Factors Affecting Stall

Turns:
As the angle of bank increases, the amount of lift required to keep flying is increased because the load factor increases.  To increase the amount of lift that the wings are producing, the pilot must increase the angle of attack.  The airplane, moving at a higher airspeed, will stall earlier in a turn than in straight and level flight.  To find the speed that an aircraft will stall at in a turn, multiply the normal stalling speed by the square root of the load factor in that turn.  See the chart below.

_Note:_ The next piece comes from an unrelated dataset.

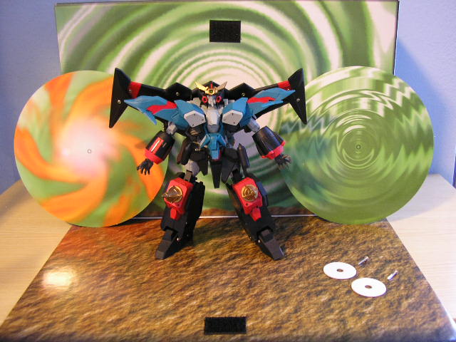 La scatola si presenta nella solita elegante veste nera, (dimensioni cm. 34 x 23 x 15 h.) con le immagini del modello stampate sulla sommità e sui flap laterali. Come già visto per il Perfect Change Getter del 1999, anch’essa si trasforma! In pratica è dotata di un falso coperchio, chiuso con una striscia di velcro, che simula un piccolo diorama in cui inserire il GFG trasformato ed intento a preparare il suo devastante attacco Hell and Heaven. Per completare la scenetta occorre togliere le parti pre-fustellate e fissare con due clip (fornite) i cerchi d’energia in cartoncino. I quali possono così ruotare e muoversi orizzontalmente. Se guardate la foto li vedrete solo appoggiati: perdonate se non l’ho fatto, ma non mi andava di trasformare anche la scatola…Il modello è contenuto in un vassoio di cartone che si estrae aprendo i flap laterali. Qui siamo nel territorio della più pura artigianalità: i singoli veicoli sono alloggiati in buste di millebolle, a loro avvolte in altri fogli di millebolle. Personalmente non ho mai avuto problemi di rotture all’interno delle scatole, ma capisco che una simile sistemazione può far tremare i polsi di un collezionista. Vi garantisco però che i pezzi sono saldi e protetti come un pisello nel proprio baccello…

Degree of bank           Load Factor                   Square root
15 degrees                        1.04                              1.02
30 degrees                        1.15                              1.07
45 degrees                        1.41                              1.19
60 degrees                        2.00                              1.41
75 degrees                        3.86                              1.96

Example:  The stalling speed of a glider in level flight is 31 miles per hour.  In a 60degree banked turn:

31mph x 1.41 = 43.71       So the glider will stall at an indicated airspeed of 43.71 mph in a 60 degree banked turn.

Centre of Gravity

Depending on where the weight inside of the aircraft is, the centre of gravity will move.  If the centre of gravity is moved as far forward as possible, the stall speed will increase.  If the centre of gravity is as far backwards as possible, the stall speed will decrease.

Weight

Adding weight to the aircraft forces the aircraft to produce more lift to maintain flight.   To do this the angle of attack must be increased, and so the airplane will stall at a higher airspeed.





Turbulence

Turbulent air can change the way that the aircraft is moving through the air, and may also temporarily change which direction the relative airflow is from.  This may cause the angle of attack to be greater than the critical angle, and the airplane to stall.

Flaps

Flaps increase the lifting effect of the wings and lower the stall speed.

Snow, Frost, Ice, Dirt

Any substance clinging to the wings will cause the airflow over the wings to be less smooth, and less lift to be produced.  This will cause the stall speed to be higher.


Spinning

If a stalled airplane has one wing that is more stalled than the other, a wing may drop.  Turbulence may also cause one wing to drop.  This will cause a spin, also called autorotation.  Spins may also be purposely entered by using rudder during a stall, in the direction that the pilot wishes the aircraft to spin.

In a spin, the airplane follows a corkscrew path towards the ground.  Speed will increase to a certain point, and then stabilise.  The aircraft is normally pitched down at a steep angle.  The load factor is 1.  A spin has three stages: the incipient stage, the developed stage, and the recovery.  In the incipient stage, the aircraft stalls and rotation begins.  In the developed stage the aircraft is moving almost straight downwards and the airspeed is stable.  In the recovery the pilot follows the steps to return to normal flight.

In a spin, both wings are stalled, so any use of ailerons to try and recover will only make the spin worse.  For most recoveries, power should be brought to idle (if in a powered aircraft), and ailerons held at neutral.  Rudder in the opposite direction of the spin is held until the spinning motion stops.  Then the control column is moved forward to lower the nose and unstall the aircraft, the wings levelled, and the aircraft returned to normal flight. 


Spiral Dives

A spiral dive is much different from a spin.  A spiral dive is a very steep descending turn.  Airspeed and loading increase rapidly, and the angle of back is very steep.  In a spin it is important to recognise and recover smoothly to avoid doing damage to the aircraft.  The throttle should be closed (if in a powered aircraft) and the wings levelled smoothly.  The aircraft is probably in a dive at this point, and the dive should be smoothly recovered to normal flight.